The most important is that the question of causation and how to demonstrate it is not settled by philosophers of science. The only ones who think it’s settled are scientists and that’s because they aren’t experts in the subject. As one wag once said, expecting a scientist to understand scientific method is like expecting a fish to understand hydrodynamics. Scientist are experts in doing science. But they do not often understand exactly the logic of what they are doing.

Consider the role of deductive reasoning, which most scientists take to be one of the hallmarks of scientific method. Yet its use is fairly restricted, mainly to constructing mathematical tools.
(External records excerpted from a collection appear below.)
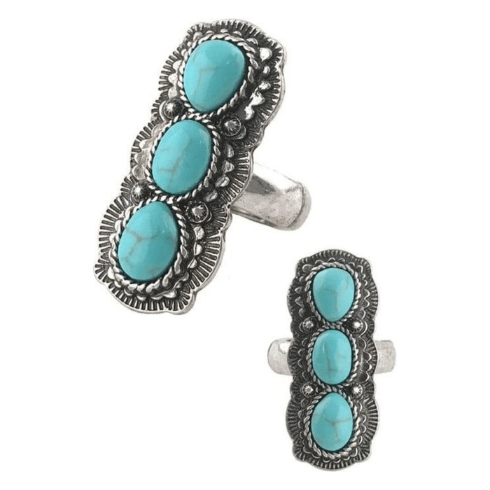 Western concho style high polish textured casting with oval shape turquoise gemstone stretch ring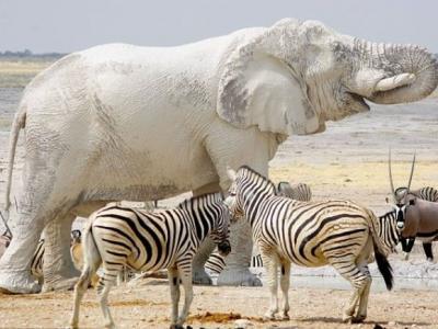 “大白象”与斑马相映成趣 泥泞及方解石沙残留在大象身上 (神秘的地球报道)...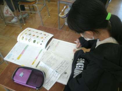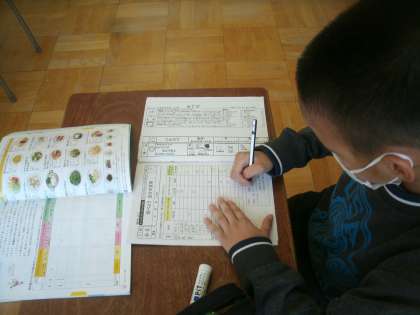 家庭科学習の様子です。「調べよう。自分の食事」という学習に取り組んでいます。栄養バランスの良い食事が摂れているかな。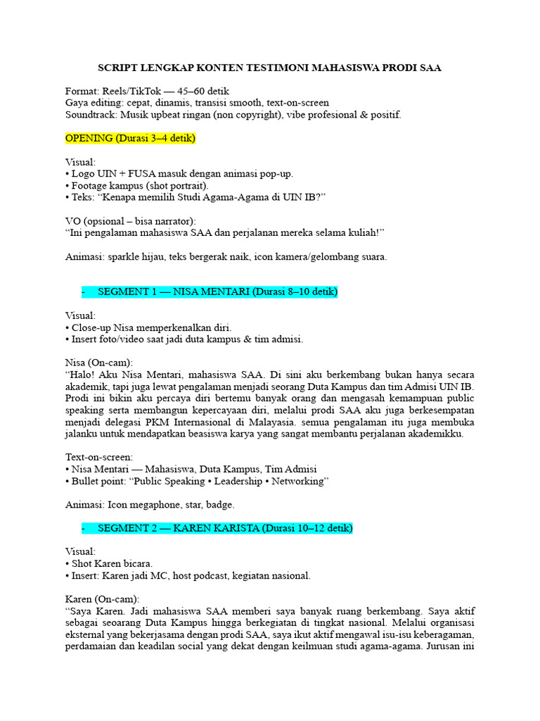 Script Lengkap Konten Testimoni Mahasiswa Prodi Saa | PDF

Beyond that it has limited relevance because deductive reasoning requires something we don’t have in empirical science, absolute certainty. Here’s an example from the late ET Jaynes’s book, Probability Theory:

Suppose some dark night a policeman walks down a street, apparently deserted. Suddenly he hears a burglar alarm, looks across the street, and sees a jewelry store with a broken window. Then a gentleman wearing a mask comes crawling out through the broken window, carrying a bag which turns out to be full of expensive jewelry. The policeman doesn’t hesitate at all in deciding that this gentleman is dishonest. but by what reasoning process does he arrive at this conclusion?


A moment’s thought makes it clear that our policeman’s conclusion was not a logical deduction from the evidence; for there may have been a perfectly innocent explanation for everything. It might be, for example, that this gentleman was the owner of the jewelry store and he was coming home from a masquerade party, and didn’t have the key with him. However, just as he walked by his store, a passing truck threw a stone through the window, and he was only protecting his own property.

Now, while the policeman’s reasoning process was not logical deduction, we will grant that it had a certain degree of validity. The evidence did not make the gentleman’s dishonesty certain, but it did make it extremely plausible. This is an example of a kind of reasoning in which we have all become more or less proficient, necessarily, long before studying mathematical theories. We are hardly able to get through one waking hour without facing some situation (e.g., will it rain or won’t it?) where we do not have enough information to permit deductive reasoning; but still we must decide immediately what to do. [emphasis in the original]

This passage appears in the first two paragraphs (Chapter 1, p. 3) of Jaynes’s Probability Theory: The Logic of Science. It is the posthumous masterwork of one of the 20th century’s foremost mathematical probabilists, a graduate level text in mathematical probability theory. He was no lightweight and certainly not a crank. The 700 pages that follow contain Jaynes’s development of the seminal work of Jeffreys, Cox, Shannon and Polya, focusing not on deductive reasoning but on plausible reasoning and its rules. It’s a book in the logic of probability, not the logic of certainty, which is what deductive logic studies.

The product of deductive reasoning is proof. Judgments about causation are the product of plausible reasoning. “Randomized” experiments are one (important) tool of plausible reasoning in epidemiology and some parts of clinical medicine. They are rarely used in the physical and chemical sciences laboratory or in the animal studies. Animals are rarely randomized nor the researchers unaware of the independent variable. The purpose of randomization, when it’s done, is to reduce the chance of differences in two groups unrelated to the independent variable of interest. Randomization neither guarantees comparability nor demonstrates causation. There is a much deeper and more complicated argument that goes with each of those statements but for the moment let’s observe that if a randomized experiment were required we would still not know if cigarettes cause lung cancer, be unsure about the validity of relativity and not know much about chemistry, astronomy or geology, much less evolution and paleontology. All of these sciences use rigorous forms of plausible reasoning without requiring randomized experiments to demonstrate their basic premises or accepted truths. Steve acknowledges this in discussing lung cancer and smoking without, in our view, fully grasping the nettle.

Because whether required or not there are some deep questions about randomization and causation. The role of randomization was the subject of some fundamental disagreements between RA Fisher and Egon Pearson. There is nothing cut and dried about the subject and the consequences of the differences are important. But this is a whole other set of topics that epidemiologists and statisticians argue about, particularly causation, where the counterfactual school battles with more conventional methodologists in the realm of theoretical and practical methods. It’s an interesting subject of some interest to us, but there is too much to say within the confines of this post.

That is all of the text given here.